Well, it’s official. I’ve finally decided that to make my goal weight by mid-June I am officially going to have to kind of… err… sort of… uugghh… maybe diet a bit! Yuck! That tasted bad evening writing down that hateful “d” word. I made it 6 months while staying on target or even getting ahead of my chart and have hit the longest of plateaus over the past 3 months. If I plan on “making it” to the finish line I have to actually cut back a bit. I’ve also just revamped my workout. In previous posts I had mentioned the glory of Jillian Michael’s Shred It Level 1. Well, now it’s Level 2 in addition to her 6 Weeks to 6 Pack Abs (if you want to die a painful workout death… do this. It’s killer! But amazing), and I am taking hour long Latin dance classes every Friday. I feel the combo should get me to where I need to be in the short bit of time I seem to have left. Sigh, sigh, and sigh again… however, I feel great! So, that’s the silver lining, and the hope for total “svelte-ness” is my dangling carrot. In my mind it’s super model status, however, reality strikes in the form of a possible thinner thigh, arm, and a true dream of 50% of Jillian Michael’s abs. We dream big here my friends. I mean BIG. I do indeed, dare to dream.
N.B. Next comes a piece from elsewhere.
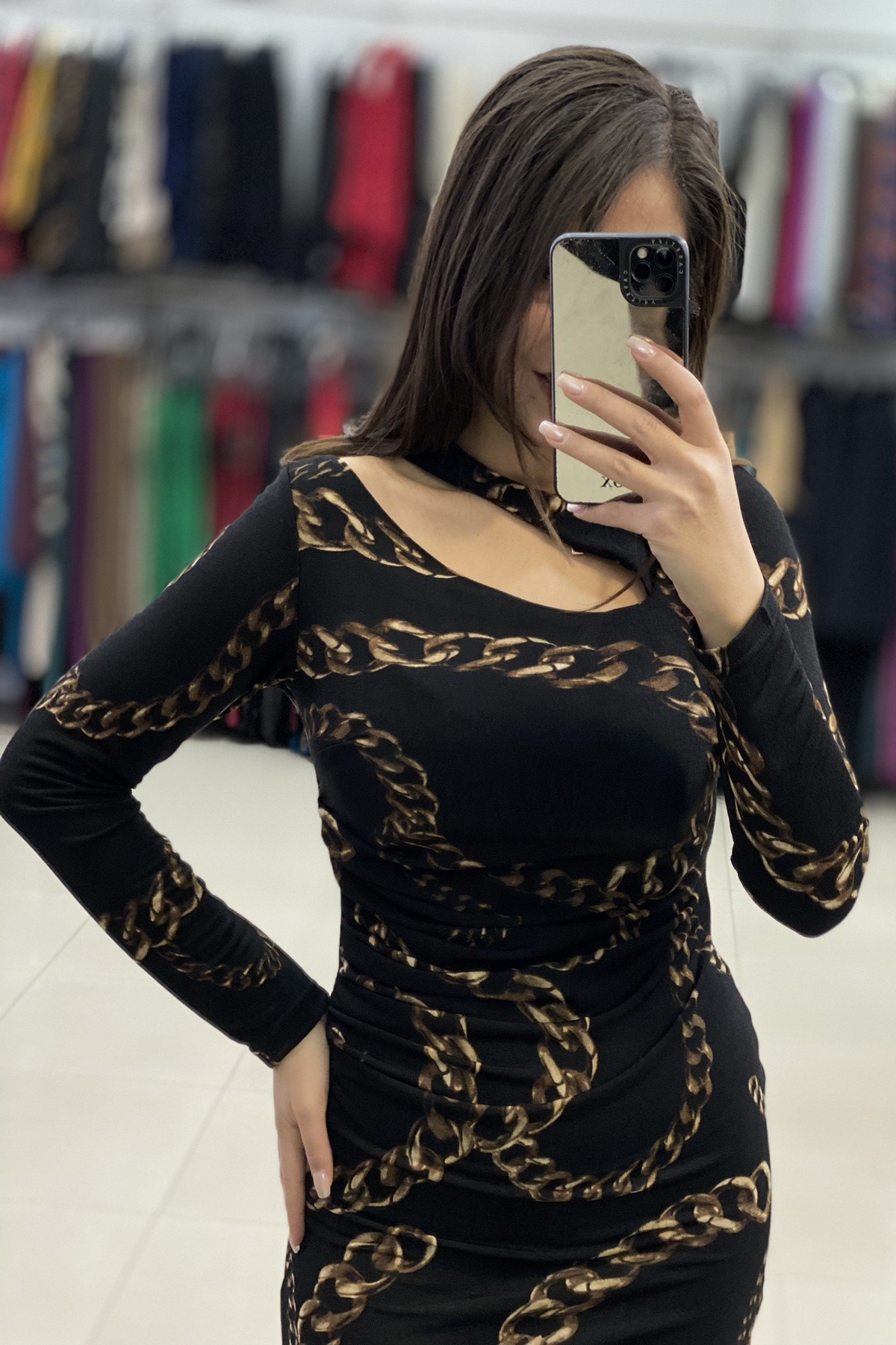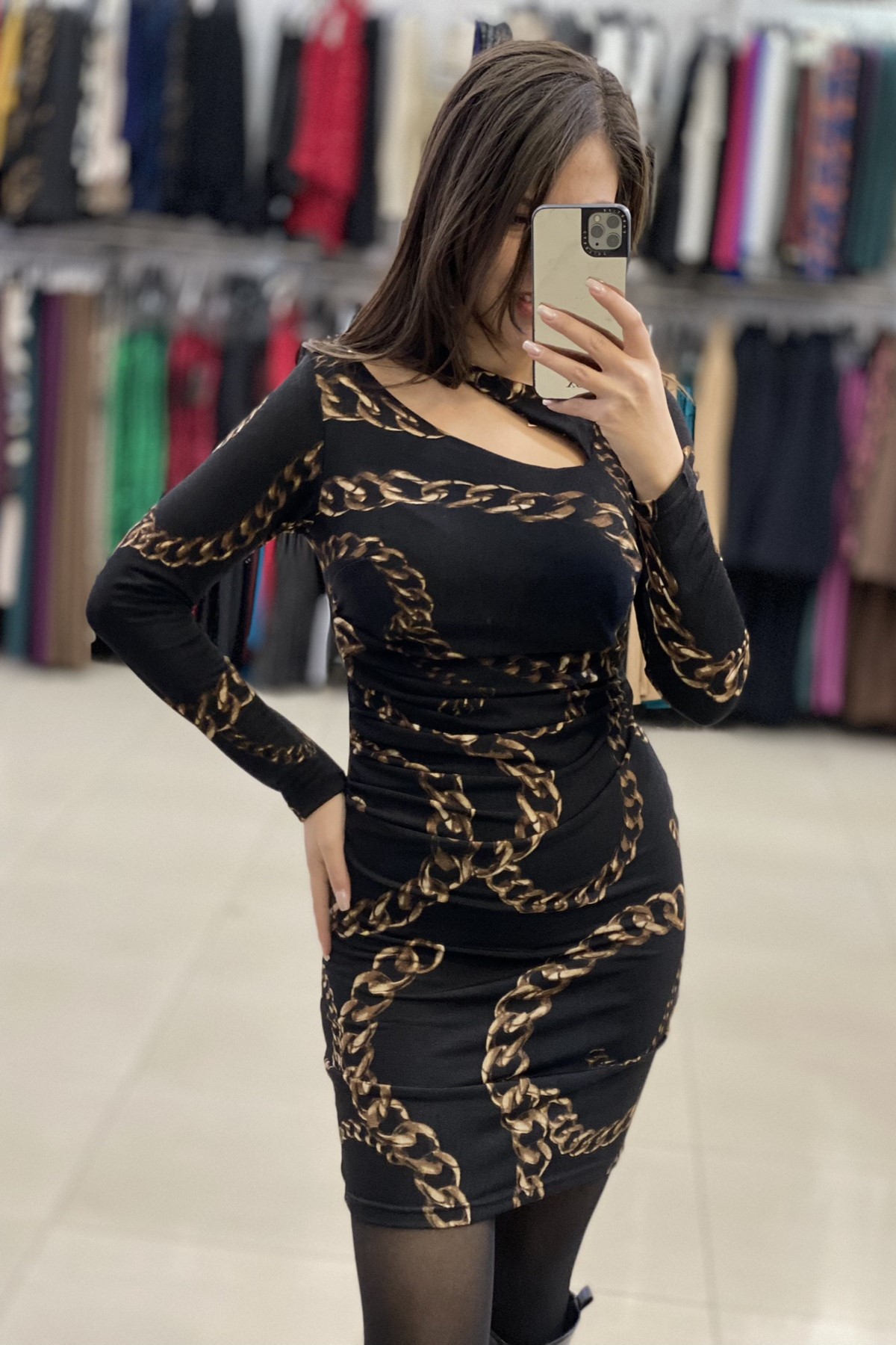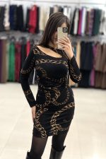 Mini φόρεμα πλεκτό, εμπριμέ. Άνετη εφαρμογή.

I start every morning with my G’s Oatmeal Smoothie recipe. My little man (Greyson) LOVES them, as do my husband and myself. Berries mixed with oatmeal, coconut milk, and yes, spinach! Don’t let this scare you! The spinach is masked by the coconut and the sweet fruit. An incredibly healthy and satisfying start to your day. Not to mention, I make it the night before so the oats have been fully soaked, it will be cold without having to add ice, and let’s face it, one less step to slow down your morning. Sold! Next, I arrive at work and have a small snack of almonds, walnuts, pumpkin seeds, and a clementine. I love all of them and they keep my belly content until a later snack or early lunch. I swallow this down with a cup of chrysanthemum tea with a dash of cayenne pepper, lemon juice, and an ever-so-small squeeze of agave. This is incredibly refreshing and easy to drink. After this, I return to the caffeine with a Jasmine Green Tea (I have a black coffee as soon as I arrive at work). For a small lunch or hefty snack, I have a whole wheat slice of bakery bread loaded with all kinds of delicious seeds, and I smother it in my homemade Classic Hummus after smashing some avocado on the bread (sometimes with a tomato or some cheese as well-all depends on how crazy I feel that day!). If I want to make this more of a lunch, I will have a heftier slice of my bread and it’s toppings plus I’ll tack on a salad or soup, like my Pesto Mushroom Salad or my Creamy Vegan Broccoli Soup. I’m not trying to pack the calories in but I definitely want to feel satisfied and really enjoy my food. What’s eating if we don’t love it?! My goal is to fuel my body with the “best” and enjoy it in the making. Simple, happy, delicious. Join me in my not-so-new morning mantra!